German teacher and writer

Anne Catherine Ingeborg Andresen-Bödewadt (January 30, 1878 – January 17, 1955), known as Ingeborg Andresen, was a German teacher and regional writer from North Friesland.

== Biography ==
After the death of her parents, she and her two brothers went to the worker and poor house, which can be found in the north of Witzwort and has since been converted into an apartment building. She later published the story "Dat groote Hus" about this time. She attended a teacher's college in Schleswig and, as she wrote, "wärr so gau dat man güng Lehrerin". She taught in small villages and later in Hamburg and Kiel.

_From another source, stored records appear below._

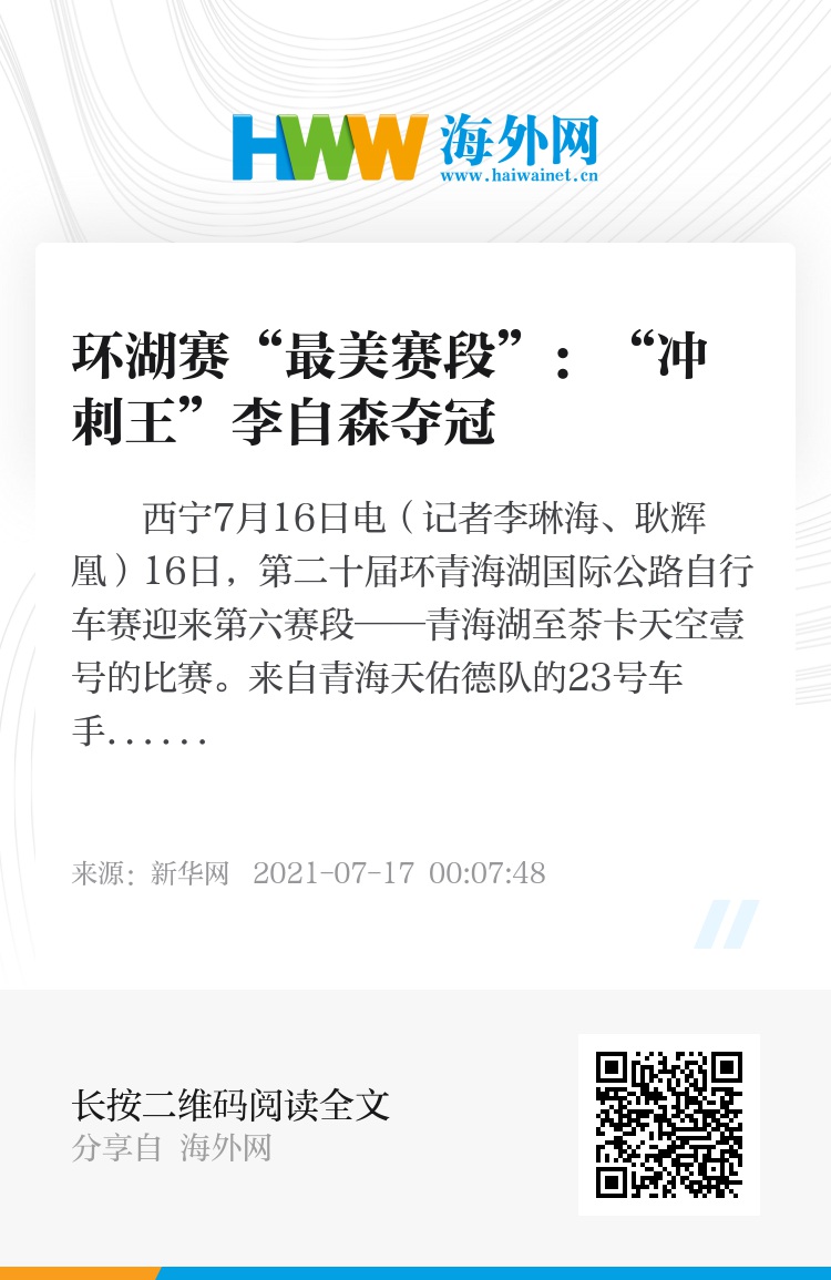 新华社西宁7月16日电(记者李琳海、耿辉凰)16日,第二十届环青海湖国际公路自行车赛迎来第六赛段——青海湖至茶卡天空壹号的比赛。来自青海天佑德队的23号车手李自森夺得赛段冠军,并继续保有代表个人冲刺积分第一名的绿衫。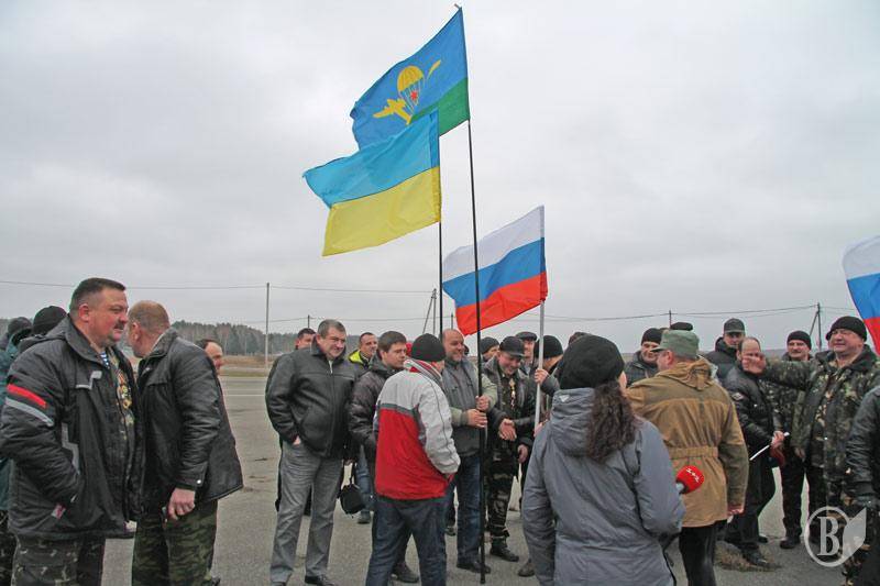 Спустя некоторое время, в 12:40 русские воины-афганцы с русскими флагами подошли к нашим, наши - с украинским и флагом воздушно-десантных войск.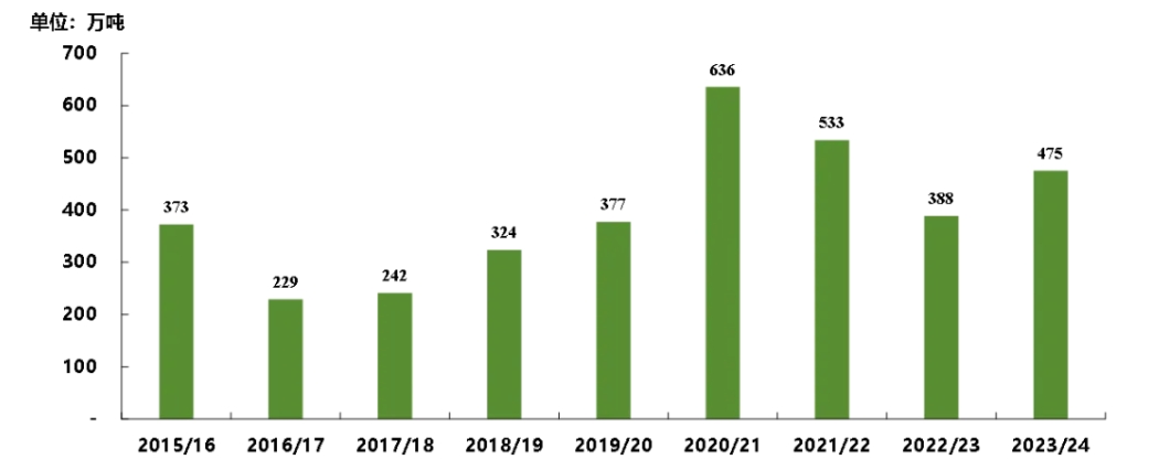 圖,2015/16—2023/24榨季中國食糖進口量變化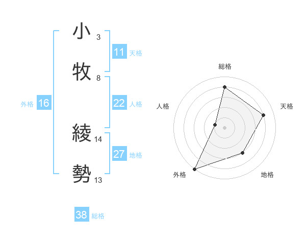 小牧 綾勢さんの総格は38画の4点!

In 1909 she married the editor of the magazine "Der Schleswig-Holsteiner", Jacob Bödewadt († 1946). Both of them changed their place of residence frequently.

=== Author ===
As a mother of five children, Andresen wrote her extensive works at night under her maiden name. "I was only ever able to work undisturbed as a poet at night." She wrote 30 plays, six novels and over 200 stories, novellas and sketches as well as several radio plays and poems, while during the day she looked after a large household and often represented her husband in the editorial department. The works reflect historical, regional events from North Frisia and personal experiences. Some works show Andresen's involvement in the German-Danish border conflict - from 1921 she lived in North Schleswig, which had belonged to Germany until 1920. She always remained connected to the Low German language and wrote many successful plays in Low German.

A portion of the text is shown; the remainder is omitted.